Problem
Given an integer n, return **the number of strings of length *n* that consist only of vowels (a, e, i, o, u) and are lexicographically sorted.**
A string s is lexicographically sorted if for all valid i, s[i] is the same as or comes before s[i+1] in the alphabet.
Example 1:
Input: n = 1
Output: 5
Explanation: The 5 sorted strings that consist of vowels only are ["a","e","i","o","u"].
Example 2:
Input: n = 2
Output: 15
Explanation: The 15 sorted strings that consist of vowels only are
["aa","ae","ai","ao","au","ee","ei","eo","eu","ii","io","iu","oo","ou","uu"].

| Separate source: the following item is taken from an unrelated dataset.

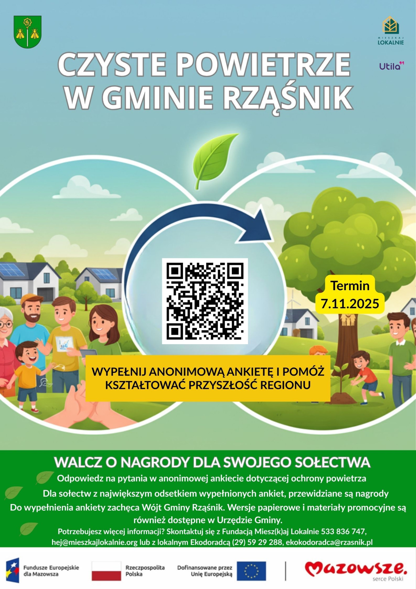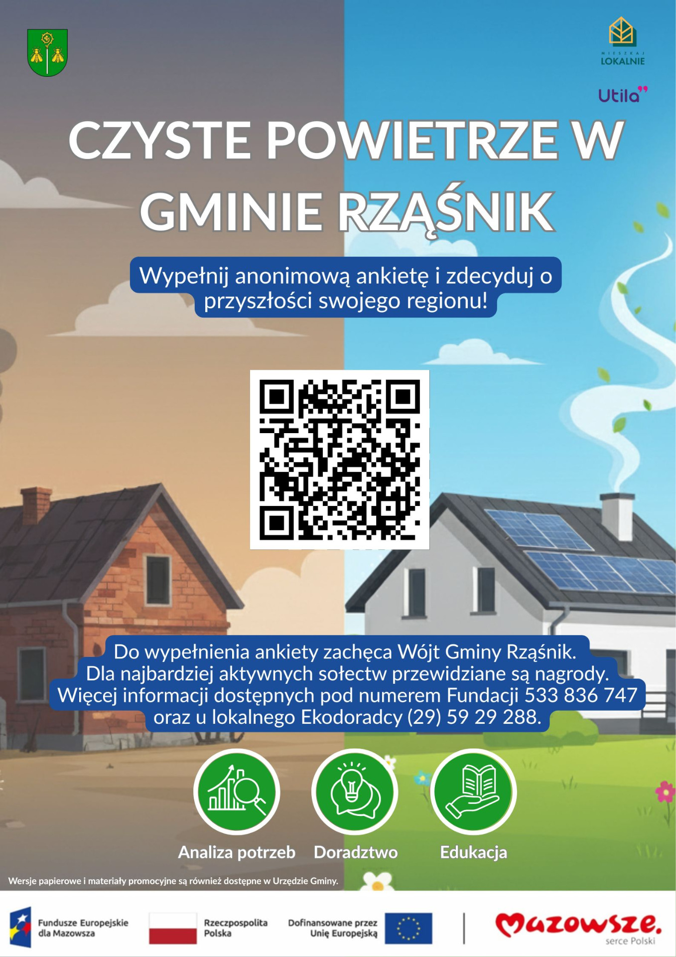 Pomocy w wypełnieniu ankiety udziela Fundacja Miesz(k)aj Lokalnie (533 836 747, hej@mieszkajlokalnie.org) lub Ekodoradca w Urzędzie Gminy Rząśnik (29-59-29-288 lub 516-039-327)

Note that "ea" is not a valid string since 'e' comes after 'a' in the alphabet.
Example 3:
Input: n = 33
Output: 66045
Constraints:
1 <= n <= 50
Solution (Java)
class Solution {
public int countVowelStrings(int n) {
if (n == 1) {
return 5;
}
int[] arr = new int[] {1, 1, 1, 1, 1};
int sum = 5;
for (int i = 2; i <= n; i++) {
int[] copy = new int[5];
for (int j = 0; j < arr.length; j++) {
if (j == 0) {
copy[j] = sum;
} else {
copy[j] = copy[j - 1] - arr[j - 1];
}
}
arr = Arrays.copyOf(copy, 5);
sum = 0;
for (int k : arr) {
sum += k;
}
}
return sum;
}
}
Explain:
nope.
Complexity:
- Time complexity : O(n).
- Space complexity : O(n).